Return every record below exactly as given, images excluded.

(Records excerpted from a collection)
____

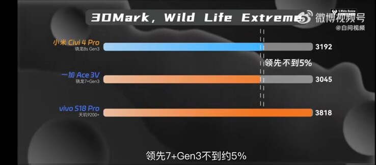 Auf der GPU-Seite sieht es jedoch etwas anders aus. Das Xiaomi Civi 4 Pro mit dem Snapdragon 8s Gen 3 erreicht im 3DMark Wild Life Extreme eine Punktzahl von 3.192. Der Snapdragon 7+ Gen 3 im OnePlus Ace 3V kommt auf solide 3.045 Punkte, was einer Unterlegenheit von rund 5% entspricht. Ein ähnliches Bild ergibt sich beim AnTuTu Benchmark, wo der Snapdragon 8s Gen 3 mit 496.235 Punkten gegenüber dem Snapdragon 7+ Gen 3 mit 490.115 Punkten abschneidet.
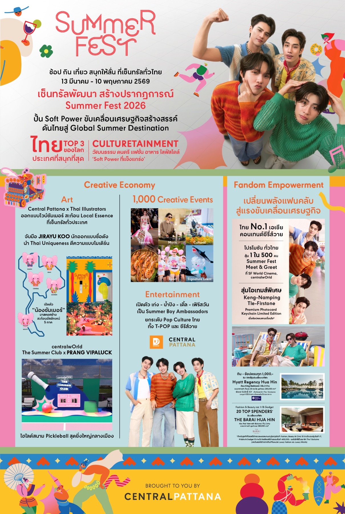 บริษัท เซ็นทรัลพัฒนา จำกัด (มหาชน) ผู้นำอันดับหนึ่งอสังหาริมทรัพย์ไทยเพื่อความยั่งยืน และผู้พัฒนาศูนย์การค้าเซ็นทรัลทั่วประเทศ ทุ่มงบ 600 ล้านบาท ปลุกแคมเปญใหญ่แห่งปี “Summer Fest 2026: Sound of Summer” ปูพรมกว่า 1,000 อีเวนต์ความสนุกทั่วประเทศ
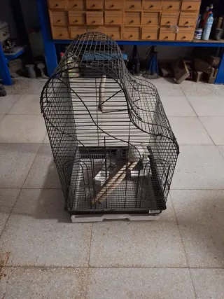 Jaula para pájaros de gran tamaño, ideal para loros o aves similares. Su diseño curvo en la parte superior le da un toque distintivo. - Estructura de alambre resistente. - Bandeja extraíble para facilitar la limpieza. - Incluye perchas de madera.
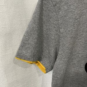 This Dickies Men's T-shirt is in size LARGE and features a gray color with a graphic logo on the front and yellow trim on sleeves and hem. It has a crew neck and short sleeves, making it a classic and breathable choice for the summer and spring seasons. The garment is machine washable and easy to care for, maintaining its regular fit and comfortable wear. Perfect for casual wear, this T-shirt showcases the Dickies brand with a touch of logo accents.
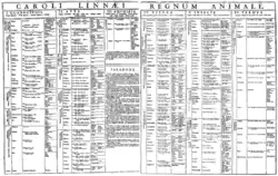 Seguindo a divisão proposta por Carolus Linnaeus, o reino animal é um dos cinco reinos, sendo subdividido principalmente nos seguintes filos: poríferos, cnidários, platelmintos, nematelmintos, anelídeos, moluscos, artrópodes, equinodermos, e cordados: peixes, répteis, anfíbios, aves e mamíferos — animais com corda dorsal.
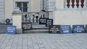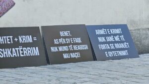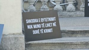 Protestuesit marshuan në heshtje nga Bashkia e Shkodrës, mbajtur pankarta që shpreheshin se “qytetërimi është më i fortë se krimi”.
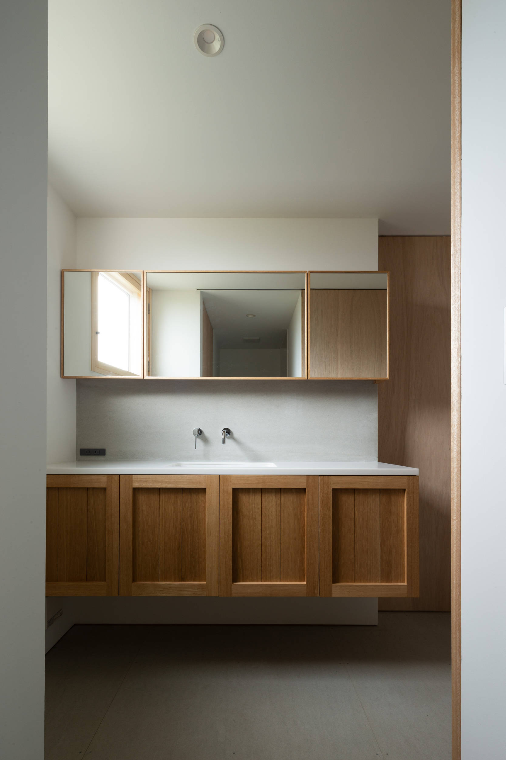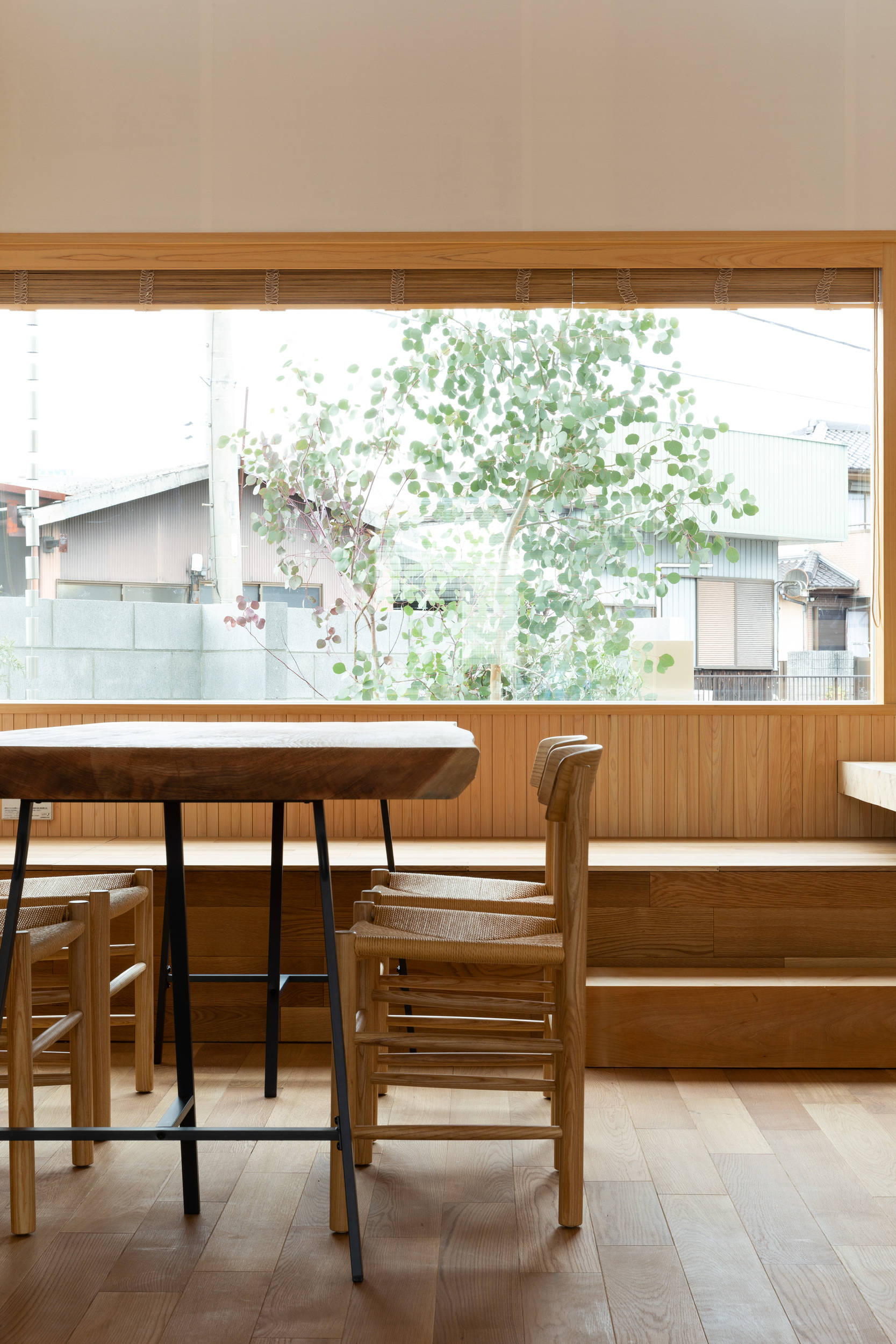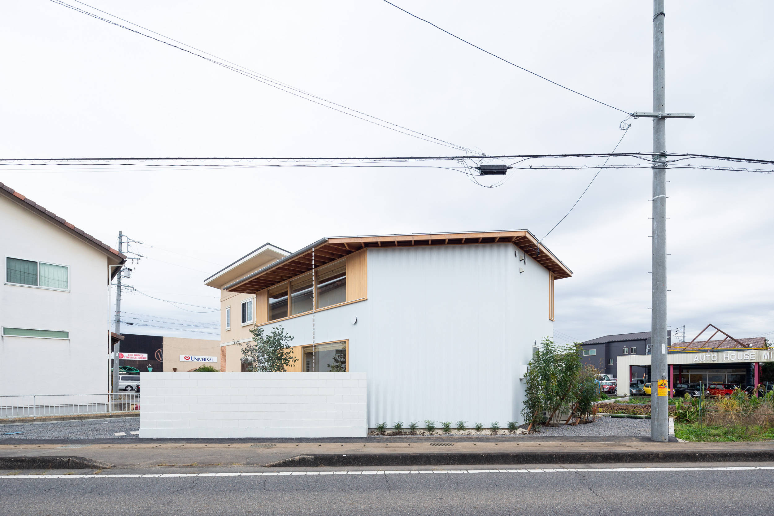 岐阜県可児市にある夫婦と子供2人の為の一戸建て住宅の計画である。「朝起きて思わず背伸びをしたくなるような明るく気持ちのいい場所を作って欲しい」と要望があった。日本有数の猛暑の地域であるこの場所で、いかにして心地よい光空間を実現するかが計画の主眼となった。 ここでは開口部を南北面に絞りリビングダイニングそれぞれに吹き抜けを設けた構成とすることで、北からの朝日が夏の訪れを、南からの光が冬の訪れを知らせてくれる光環境となるように設計している。

____

§ **Answer below**
 Auf der GPU-Seite sieht es jedoch etwas anders aus. Das Xiaomi Civi 4 Pro mit dem Snapdragon 8s Gen 3 erreicht im 3DMark Wild Life Extreme eine Punktzahl von 3.192. Der Snapdragon 7+ Gen 3 im OnePlus Ace 3V kommt auf solide 3.045 Punkte, was einer Unterlegenheit von rund 5% entspricht. Ein ähnliches Bild ergibt sich beim AnTuTu Benchmark, wo der Snapdragon 8s Gen 3 mit 496.235 Punkten gegenüber dem Snapdragon 7+ Gen 3 mit 490.115 Punkten abschneidet.
 บริษัท เซ็นทรัลพัฒนา จำกัด (มหาชน) ผู้นำอันดับหนึ่งอสังหาริมทรัพย์ไทยเพื่อความยั่งยืน และผู้พัฒนาศูนย์การค้าเซ็นทรัลทั่วประเทศ ทุ่มงบ 600 ล้านบาท ปลุกแคมเปญใหญ่แห่งปี “Summer Fest 2026: Sound of Summer” ปูพรมกว่า 1,000 อีเวนต์ความสนุกทั่วประเทศ
 Jaula para pájaros de gran tamaño, ideal para loros o aves similares. Su diseño curvo en la parte superior le da un toque distintivo. - Estructura de alambre resistente. - Bandeja extraíble para facilitar la limpieza. - Incluye perchas de madera.
 This Dickies Men's T-shirt is in size LARGE and features a gray color with a graphic logo on the front and yellow trim on sleeves and hem. It has a crew neck and short sleeves, making it a classic and breathable choice for the summer and spring seasons. The garment is machine washable and easy to care for, maintaining its regular fit and comfortable wear. Perfect for casual wear, this T-shirt showcases the Dickies brand with a touch of logo accents.
 Seguindo a divisão proposta por Carolus Linnaeus, o reino animal é um dos cinco reinos, sendo subdividido principalmente nos seguintes filos: poríferos, cnidários, platelmintos, nematelmintos, anelídeos, moluscos, artrópodes, equinodermos, e cordados: peixes, répteis, anfíbios, aves e mamíferos — animais com corda dorsal.
 Protestuesit marshuan në heshtje nga Bashkia e Shkodrës, mbajtur pankarta që shpreheshin se “qytetërimi është më i fortë se krimi”.
 岐阜県可児市にある夫婦と子供2人の為の一戸建て住宅の計画である。「朝起きて思わず背伸びをしたくなるような明るく気持ちのいい場所を作って欲しい」と要望があった。日本有数の猛暑の地域であるこの場所で、いかにして心地よい光空間を実現するかが計画の主眼となった。 ここでは開口部を南北面に絞りリビングダイニングそれぞれに吹き抜けを設けた構成とすることで、北からの朝日が夏の訪れを、南からの光が冬の訪れを知らせてくれる光環境となるように設計している。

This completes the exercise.